So, at the meeting of the president of the United States with myself and the president of Pakistan, I decided to present specific proposals. And one of these important, specific proposals was the convening of a jirga. And this was a demand of the Afghan people. Three months before that, I met with the representatives of all the provinces of Afghanistan. At that meeting, it was [first] proposed that we should convene such a jirga in order to find a way to bring an end to the war and to the destruction -- a war that is going on but which we do not know where it is coming from. To bring this out into the political scene and expose it and talk openly about it. Who is complaining about Afghanistan? Who is scared of Afghanistan? If they have complaints, why do they have complaints? And what Afghanistan wants is that the two nations have a formal dialogue about all of these things. We hope to resolve these problems through dialogue. That is why I have made this proposal for this jirga.
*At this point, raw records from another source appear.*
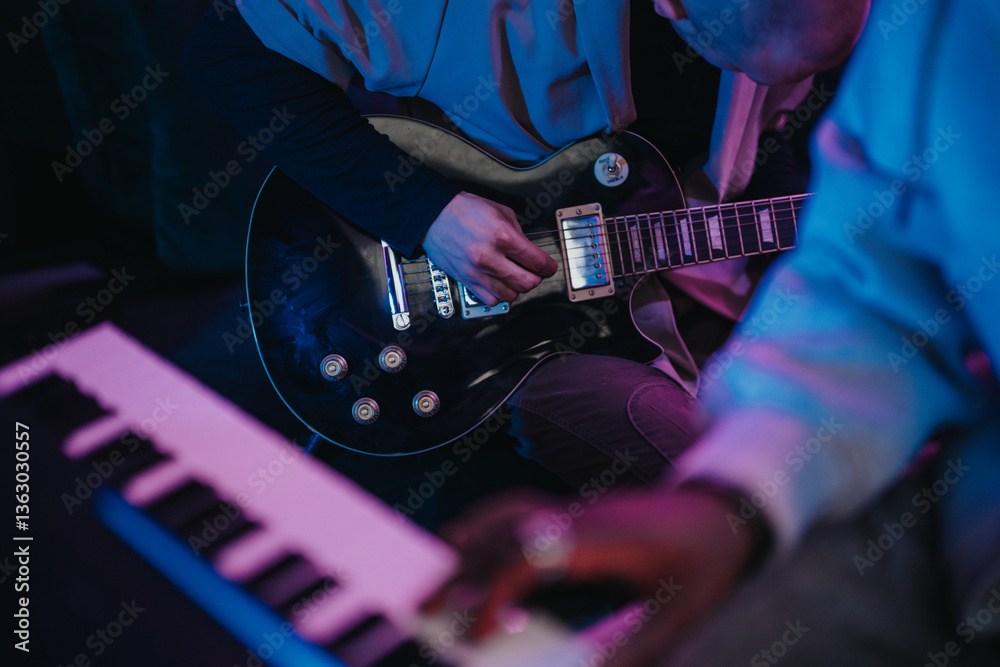 A group of talented musicians collaborate in a studio setting, crafting melodies and harmonies. The scene captures the creativity and diversity within a dynamic music production session.
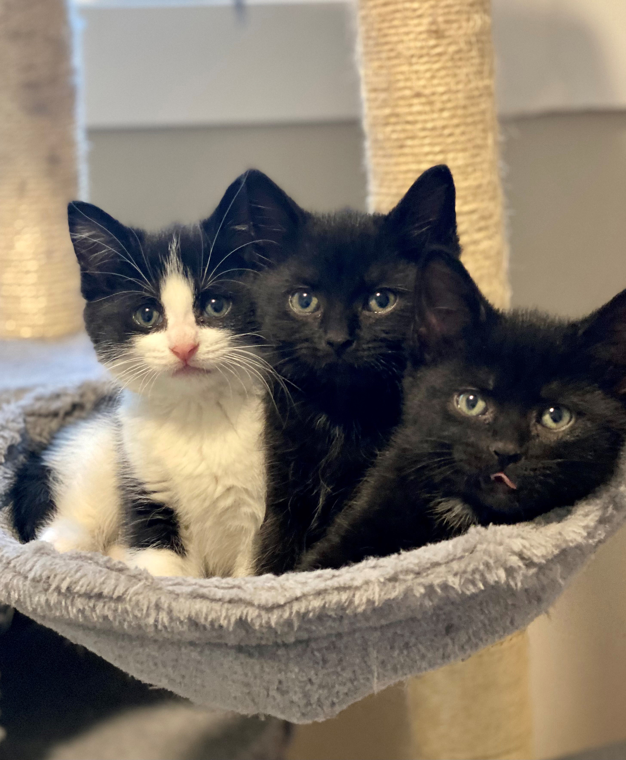 Three kittens on a cat climbing tree. Two are all black, one has white markings on its face and front.  Two grey cats resting on a cat climbing tree. They look like they're hugging.  Very young orange kitten eating messily from a food bowl.  Grey and white kitten asleep on a carpeted stair.
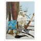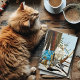Norwegian Forest cat sitting by a tree with a blue dragon sit-in a a bottle helmet. Snow all around them, sword and viking axe with them.
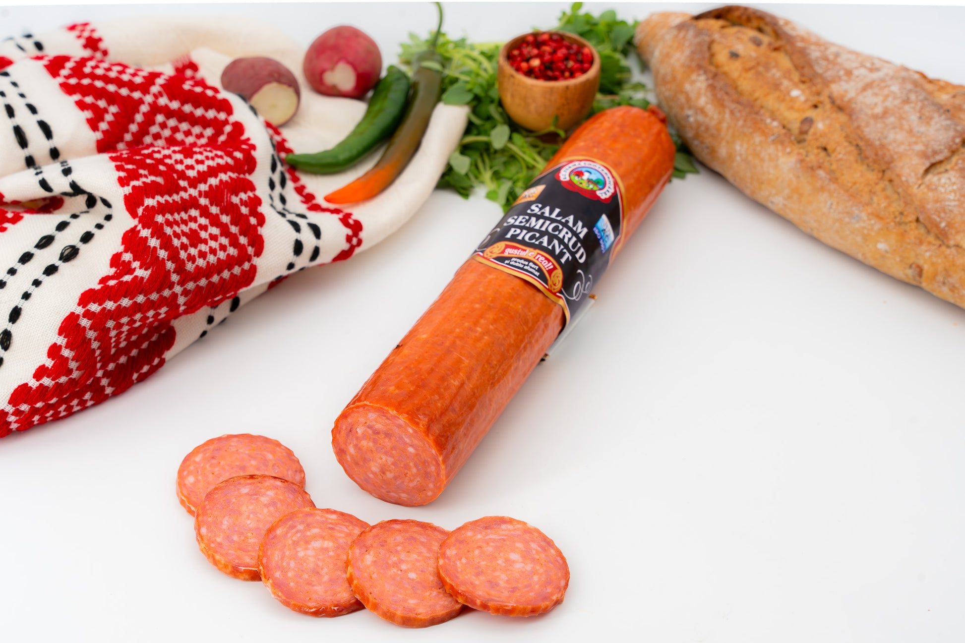 Salamul semicrud picant este un mezel preparat din carne de porc, condimentat cu mirodenii iuți și uscat natural pentru a-i oferi un gust intens și o aromă deosebită. Cu o textură fermă și un gust picant echilibrat, acest salam este ideal pentru platouri de mezeluri, sandvișuri sau gustări, aducând o notă de picant în fiecare mușcătură.
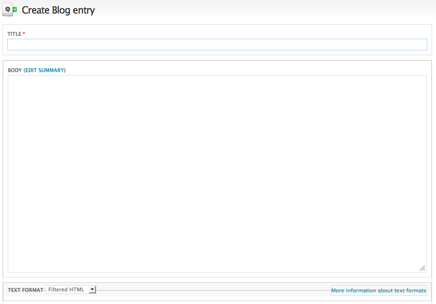 新しいブログエントリを作成すると、Blog モジュールにより、投稿者 ID、作成の日付、コンテンツ タイプなど、コンテンツに関する基本的な情報が記録されます。
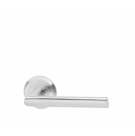Dörrhandtag av rostfritt stål med dubbelverkande returfjäder avsett för ytterdörr med modullåskista. Passar till dörrtjocklek 38-70 mm. Utsprång 70 mm.
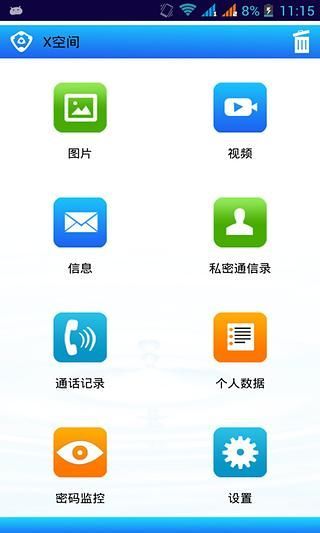 x空间是一款免费的保护您手机隐私的安全软件。如果您手机里面有一些隐私的照片、视频、联系人、短消息等;那么想要保护这些隐私数据不被他人发现,有了“x空间”它可以帮助您隐藏掉这些数据;并可在x空间里继续查看或使用这些数据,它还可以帮助您拦截隐私的电话和短信。
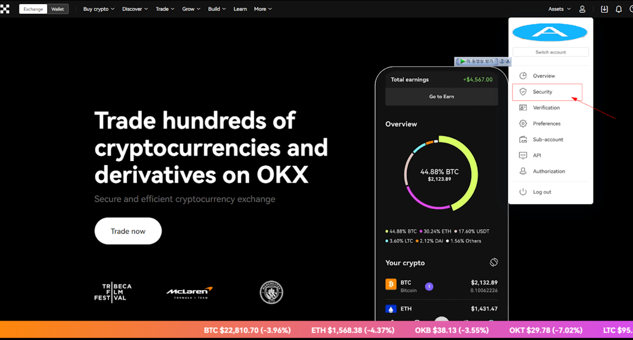 기존계정에 로그인 한 뒤 PC 버전 기준으로, OKX 홈화면에서 프로필 모양 클릭 후 [Security] 를 클릭합니다.
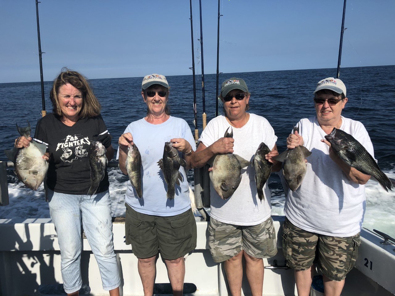 Captain Monty Hawkins of the Morning Star reported another good day of fishing on what seemed like Ladies Day on board. More than 1/2 of Captain Monty’s crew today was ladies and they had a great day with the fish. Donna McGinty of Carlisle, PA had the pool winning sea bass and some triggers. Others are Jeni Houser also of Carlisle, Pam Maus of Shippensburg, PA, & Debbie Harman of Hampstead, MD.
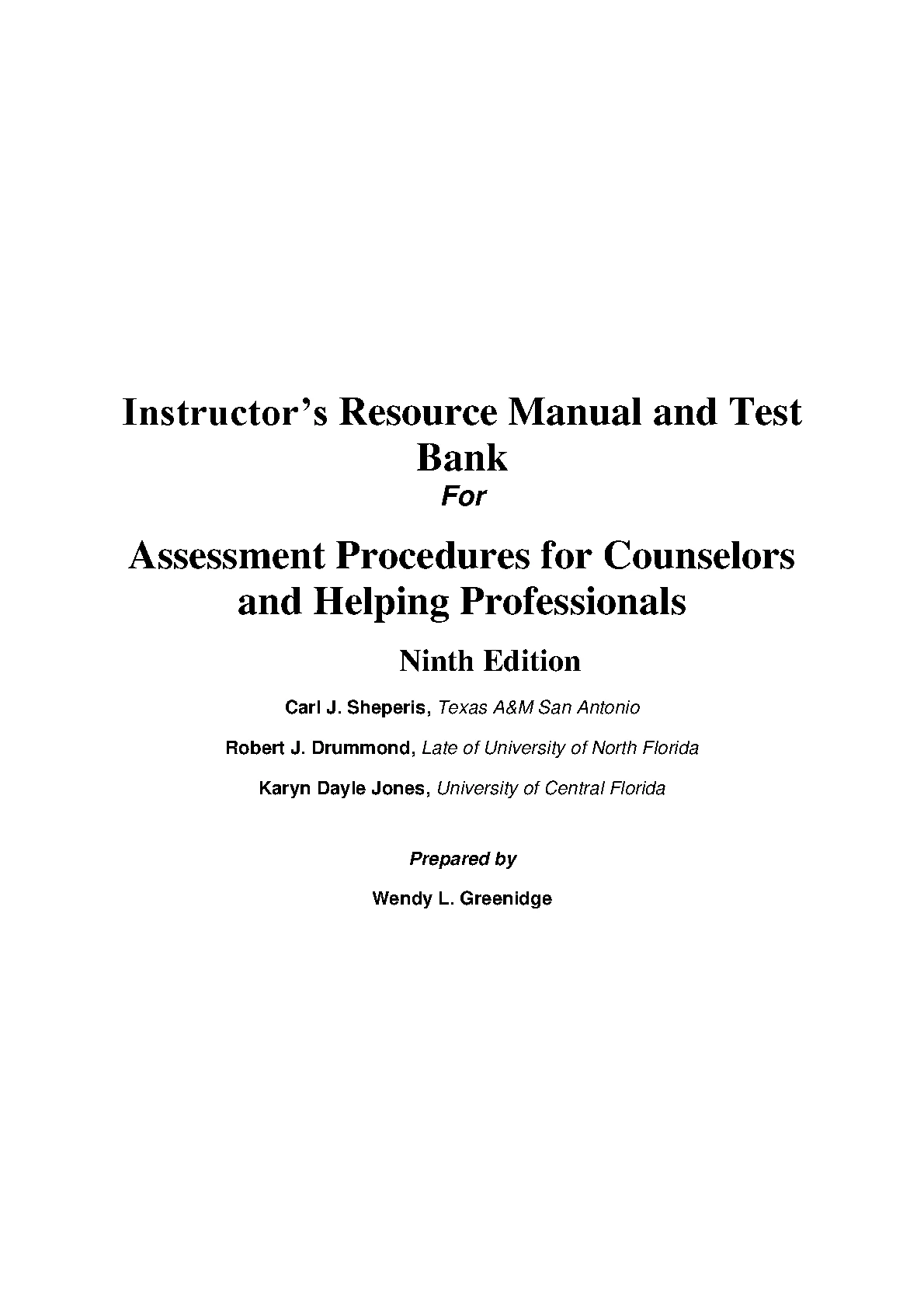 Instructor’s Resource Manual and Test Bank For Assessment Procedures for Counselors and Helping Professionals 9TH Edition Carl J. Sheperis, Robert J. Drummond, Karyn Dayle Jones,
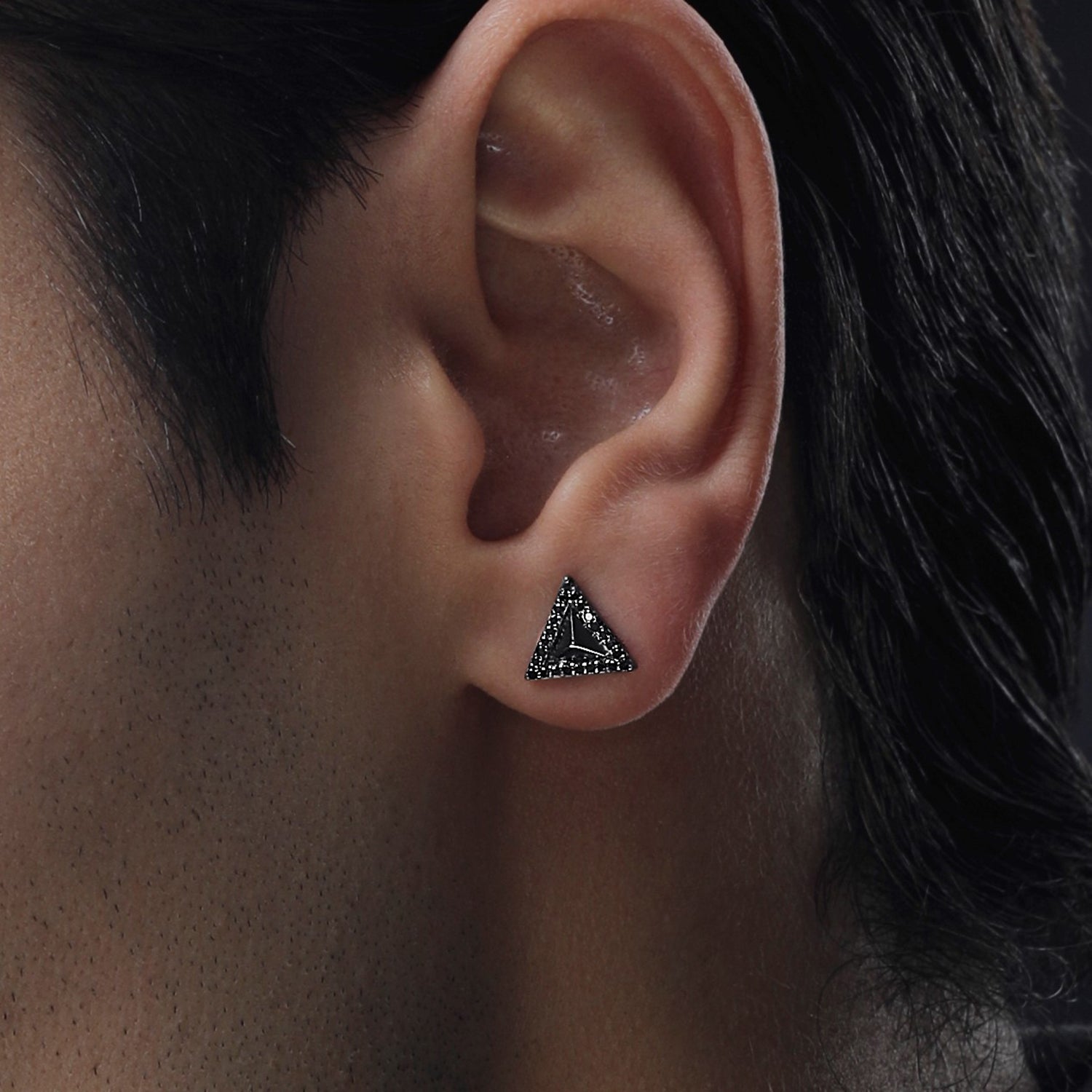 Dark Armor men's/women's pyramid stud earrings, made in silver with black rhodium and black diamonds.

To fight terrorism in a better way and in a clearer way so that we are able to get rid of terrorism in Afghanistan, in Pakistan, and in the region.
RFE/RL: Some Afghans fear that Pakistan will try to put the Durand Line issue on the table during this jirga. Is Afghanistan ready to discuss the issue of the Durand Line at such a jirga? Is this possible? Or is the agenda of these discussions already prepared in advance?
Karzai: The agenda is prepared ahead of time. The agenda of the discussion is about peace and the removal of terrorism. There is no place for any other issue in it and there will be no talks on any other issue. This jirga does not have the authority to discuss the Durand Line or to make decisions about it. This is a question that goes higher than the authority of such jirgas. This issue cannot be decided on the basis of my signature or the government's approval. This is a question for the people of the two nations. It is beyond the authority of a jirga that is convened for the purpose of peace. So there is no place [there] for discussions on this issue.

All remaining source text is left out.